Discussion in 'Tennis Tips/Instruction' started by SDCHRIS, Aug 11, 2018.


    SDCHRIS New User

    Jun 11, 2012
    I’m a 43 years old 4.0 player. I play/hit about 2-3 times a week. I want to improve all aspect of my game. My forehead is the weaker shot because it breaks down when tight. I have too many unforced errors and my serve isn’t a weapon. I’ve taken lessons from numerous coaches.

    I’m thinking of taking more lesssons to improve. In the past I’m taken one lesson a week and play a couple of times in between. I see some improvement but nothing drastic.

    If I am going to pay for another 20 lessons do you think I should increase to 2 or 3 lessons a week or stick with once a week?

    I’m thinking if I have a full time coach for a couple of months we can fix my flaws where as if I get lessons once a week I will go back to my bad habits in between lessons.

    What do you think?
  2. Knox

    Knox Semi-Pro

    Oct 6, 2017
    Take a week off from your tennis game, spend like $15 bucks or whatever and read The Talent Code, then come back and see if you have the same question.
  3. Dragy

    Dragy Semi-Pro

    Aug 10, 2015
    Moscow, Russia
    If you have an option, go with max concentrated coaching. Once a week can work if (1) coach is smart to and willing to give you proper homework and (2) you are disciplined and have time, partner, ball machine to do all the homework.
    nytennisaddict likes this.
  4. Mongolmike

    Mongolmike Hall of Fame

    Jun 5, 2009
    OP, I do the same as you...take a lesson, then try to incorporate it for a week or two, then go back. It works for me if:

    -if I only concentrate on one or two "tweaks" per lesson.

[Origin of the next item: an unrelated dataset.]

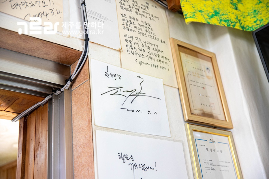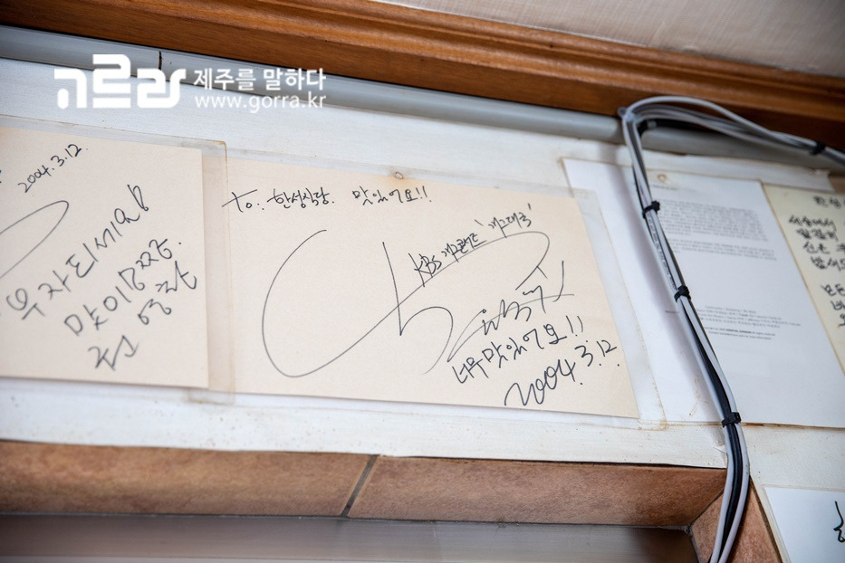허기진 배를 부여 잡고 안으로 들어가자마자 가장 먼저 눈에 띈 것은 온 벽을 도배하듯 붙여져 있던 싸인들! 어떤 분들의 싸인인가 눈여겨봤는데요. 이름만 말해도 알만한 인기 있는 분들도 많이 다녀간 곳이었어요. 어쩌면 여기서 식사하다 연예인을 만날지도 모른다는 생각이..?!
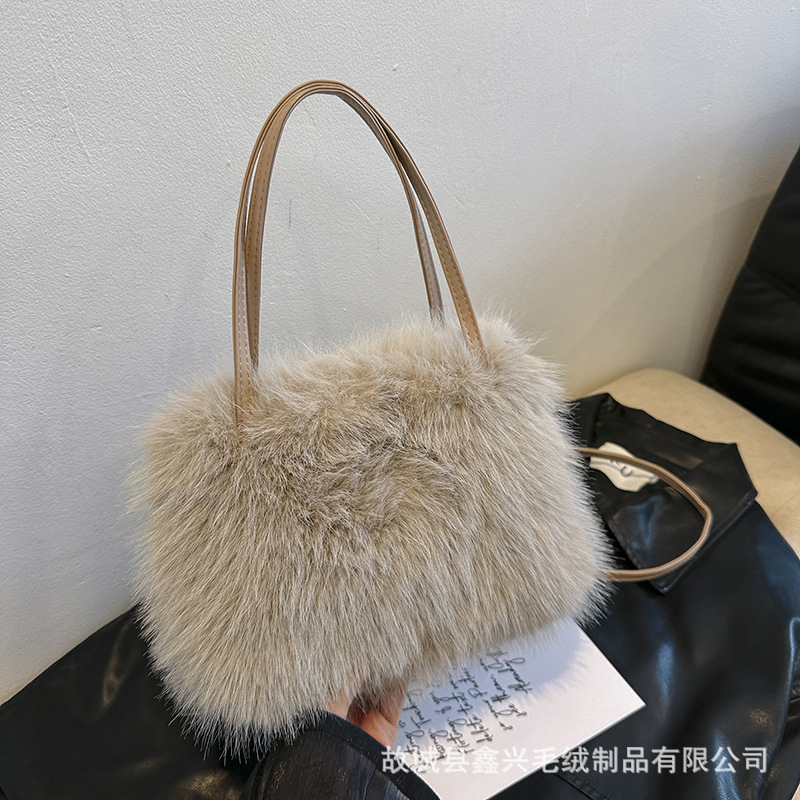 2025年供应秋冬精致感大容量单肩斜跨包 小众复古质感毛绒包包女

If you are reconstructing your FH, then I think more frequent lessons would be better

    -if only working on one or two tweaks, and I leave the lesson completely understanding what is being taught, and how I incorporate it, and how to feel if it is right or wrong during that given action.

    -I take notes when I leave the lesson and review those notes before I go to the court with the ball machine, or hit the court for play
    GBplayer likes this.
  5. Crocodile

    Crocodile Hall of Fame

    Jan 23, 2012
    Looking at your situation the best thing you can do is to sign up with a coach who can work on you as the whole athlete.
    At the age of 43 ( I don't know how long you have been playing) you want to sit down with your coach and set some goals you want to achieve. For example, "Where do you want to be in 2 years time, in a years time and in 6 months time. Are you aiming to play local competitions, seniors tournaments, win a local championship etc.
    Then I would start with your body and what needs to be done because at the age of 43 and onwards you are going to run into some issues if you play a lot. So you need to get stronger and, become a more efficient mover and a good planner of when and how you train and off course what you eat. The older you get the more important these things are.
    There is a lot of mental preparation you need to do as well. Focusing solely on a weakness doesn't usually result in success, In fact it can erode your confidence. Instead I'd be spending 65 percent on the things that you do well because that's where you wins and success will come from. Yes, spend some time on weaknesses but don't dwell on them. The confidence you derive from working on your success strokes and tactical strategies will spill on to your weaknesses.
    All what I have just written will give you an idea of what you should do, and in particular how often you should train with your coach. Personally I would do this:
    1 Private lesson for an hour
    1 Group or squad lesson if available
    1 Weekly singles and doubles competition
    1 tournament a month
    1 hit with a mate per week practising drills and match play.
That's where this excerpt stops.